_Aim of the exercise_: Without the pictures, write out all the lines below exactly as they appear.

Data section START

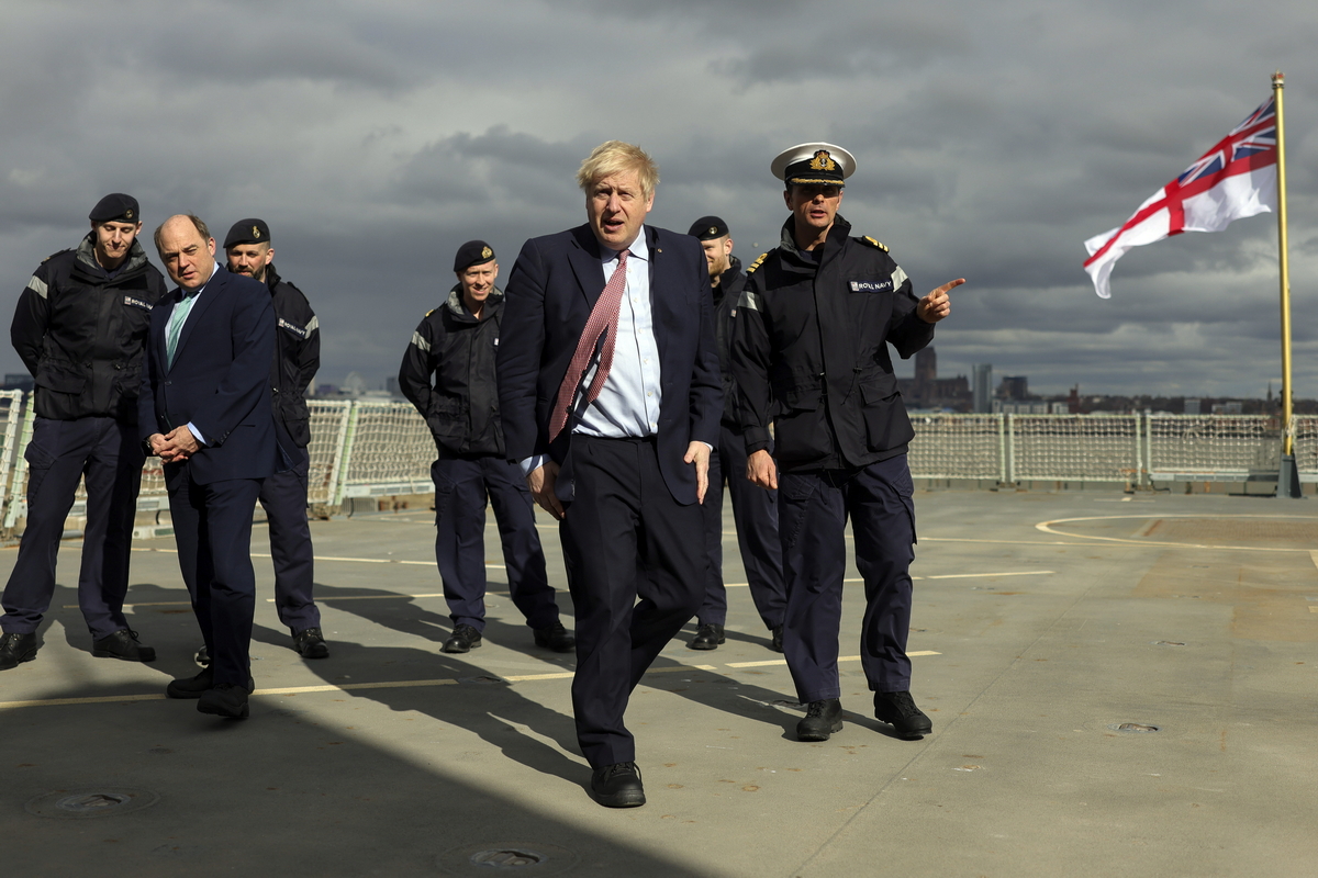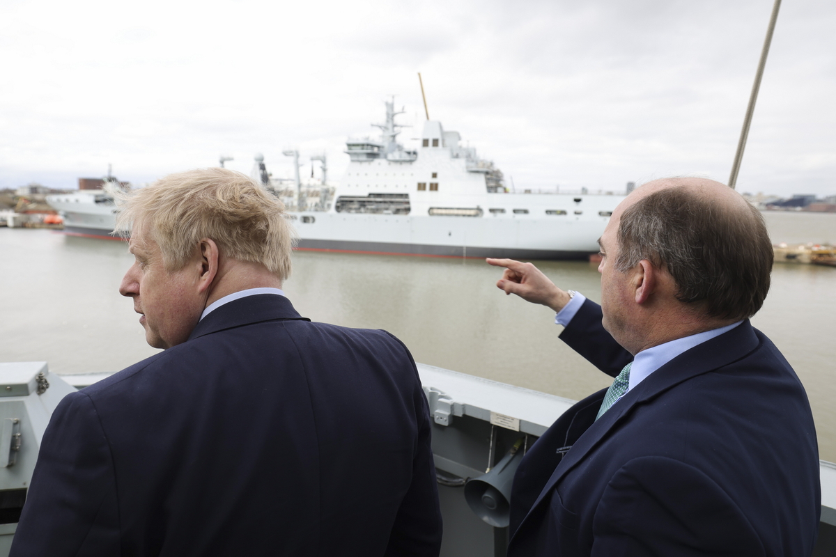 Poniżej: Premier Boris Johnson i sekretarz obrony Ben Wallace odwiedzili stocznię Cammell Laird i weszli na pokład okrętu HMS Dauntless. Zdjęcia: Andrew Parsons / No 10 Downing Street /Licencja Open Government Licence v3.0., Grafika: Piotr B. Stareńczak/PORTALMORSKI.PL
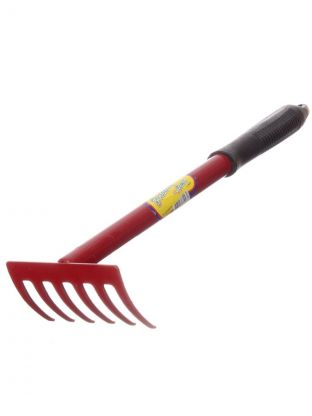 Садовые грабли длиной 32 см с черенком используются для выравнивания грунта, а также очистки садовых участков от различного мусора, скошенной травы и опавших листьев.
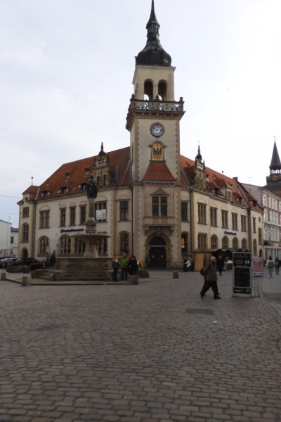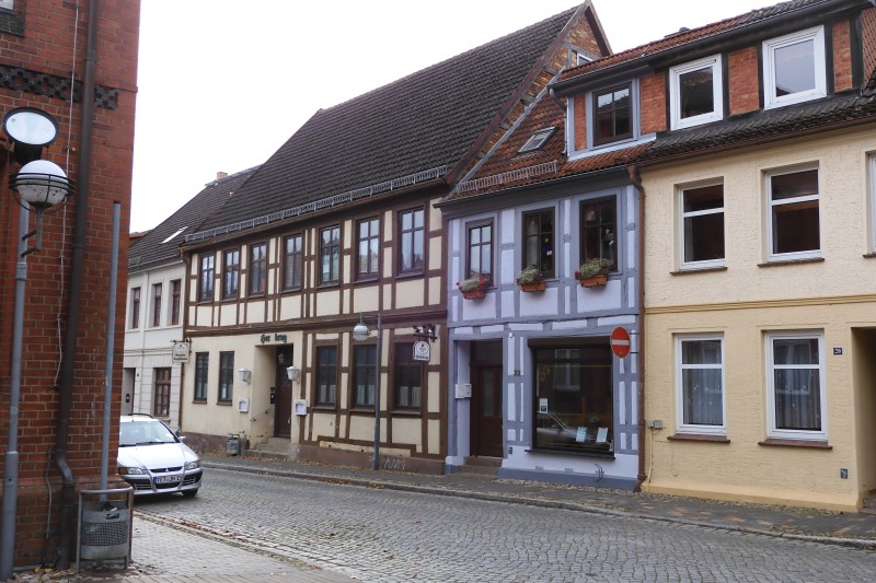 Das Wetter ist heute sehr ungemütlich, kühl und feucht, Mütze und Handschuhe wären eigentlich angebracht, liegen aber zuhause. Wir sehen uns in der Altstadt um, in der viele Fassaden von Fachwerkhäusern verkleidet oder verputzt wurden, um sie wertvoller aussehen zu lassen. Unterhalb der Schlossruine gab es wohl früher einen Küttelberg und auf der anderen Seite des Berges gibt es heute einen kleinen Weinberg.

Data section END

_Expected answer_:
 Poniżej: Premier Boris Johnson i sekretarz obrony Ben Wallace odwiedzili stocznię Cammell Laird i weszli na pokład okrętu HMS Dauntless. Zdjęcia: Andrew Parsons / No 10 Downing Street /Licencja Open Government Licence v3.0., Grafika: Piotr B. Stareńczak/PORTALMORSKI.PL
 Садовые грабли длиной 32 см с черенком используются для выравнивания грунта, а также очистки садовых участков от различного мусора, скошенной травы и опавших листьев.
 Das Wetter ist heute sehr ungemütlich, kühl und feucht, Mütze und Handschuhe wären eigentlich angebracht, liegen aber zuhause. Wir sehen uns in der Altstadt um, in der viele Fassaden von Fachwerkhäusern verkleidet oder verputzt wurden, um sie wertvoller aussehen zu lassen. Unterhalb der Schlossruine gab es wohl früher einen Küttelberg und auf der anderen Seite des Berges gibt es heute einen kleinen Weinberg.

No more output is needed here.